退院を目の前にした高木さんの負担にならないよう、牧山さんのお見舞いの花は箱の中にキッチリと入れられていた。蓋を取れば病室に花の香りが匂い、花たちが笑顔で笑っている。閉じれば自宅にすぐに持ち帰れる。ひとしきり歓談の時があり、短からず、長からず、絶妙なタイミングで牧山さんは病室を去った。彼女も8年前にガンの手術を受けているから、患者としては高木さんの先輩になる。後日、私はメールを出し、高木さんについて一言コメントを求めた。その返事に、こう書かれてあった。
「私は、あのように自分の考えに妥協することなく生きてこられた強さを、大変尊敬しています。損も一杯していらっしゃると思いますが、私はそのような生き方が好きです。今後は、もっともっと凛さんにしか書けない脚本を書いて欲しいです。このような方は少なくなってきましたから」
損得だけが蔓延する時代と国土に、高木さんは馴染まない。彼女はエッセーの中で、沖縄の人々のことを「足ることを知る民族」と書いている。私のインタビューに答える時、高木さんからは「ヤマトの人は」という言葉が自然に出てくる。沖縄とヤマトは全く違う歴史と文化圏を作ってきた。何と理不尽なことだろう、先の戦争で、沖縄はヤマトの尖兵として「本土決戦」唯一の戦場となり、沢山の死が強制された。その沖縄が、7年前に死ぬほどのストレスにあった高木さんを深々と抱きしめ、ヌチグスイ(命の薬)を口に含めてくれたのである。
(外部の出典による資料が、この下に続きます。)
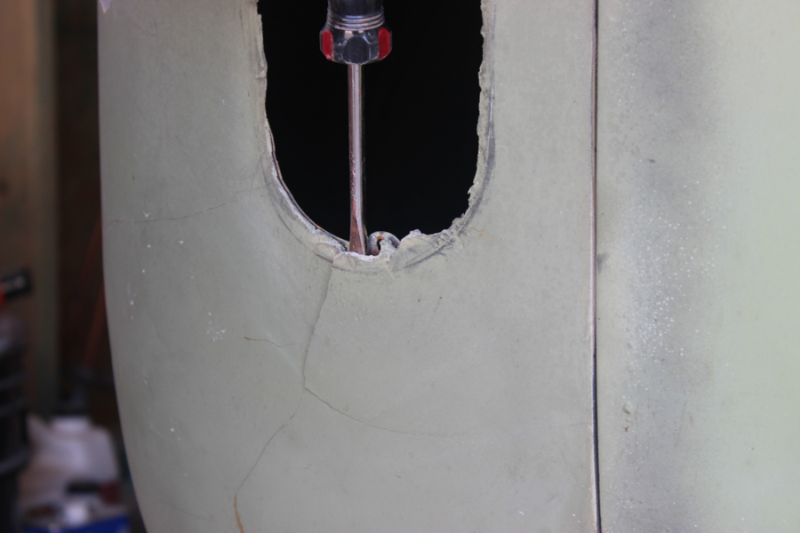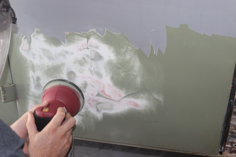 I started filling the deeper gouge marks and scratches with fiberglass resin jelly – I also use this to fill some of the smaller holes around the bus.

「病気の苦痛というものがあり、それが沖縄との関わりや、店を作るまでに導いてくれたわけですね。死を考えたことが、むしろ有り難い結果につながったと思います。今度のガンの発症では、またそういうことが起こるとは思えないけれども、静かに色々なことが受け止められて、有り難い事です。今はただ、出来るだけのことを、出来るうちにやっておこうという心境です。この平穏は、どうしてでしょうと、自分でも思います」
確かな事実として彼女が驚いたことは、この7年間のガン医療技術の進歩である。乳ガンについて、ハルステット法か乳房温存法か、という議論は時代遅れになった。手術前検査も、麻酔技術も、その進歩を高木さんは身をもって体験した。
今回は死ということを考えましたか?
「それは考えました。いつもそれは自然なことで、定義すれば、死とは、その時がくるまで生きることです。目を閉じるまで、何かしていられれば幸せです。死を意識の外に置こうとしたのが前回でした。今は日常の草や木があるように、自然なこととして受け入れられそうです」
彼女の語りには、風が草や木をゆらすような「しじま」があった。それを教えたのは7年間という時間だろうか。一度「地雷」を踏んでしまった経験知だろうか。
沖縄で海の彼方に魂が帰るところを「ニライカナイ」という。病いという不思議な乗り物の窓から、高木さんは、自分が帰るところをハッキリと見たに違いない。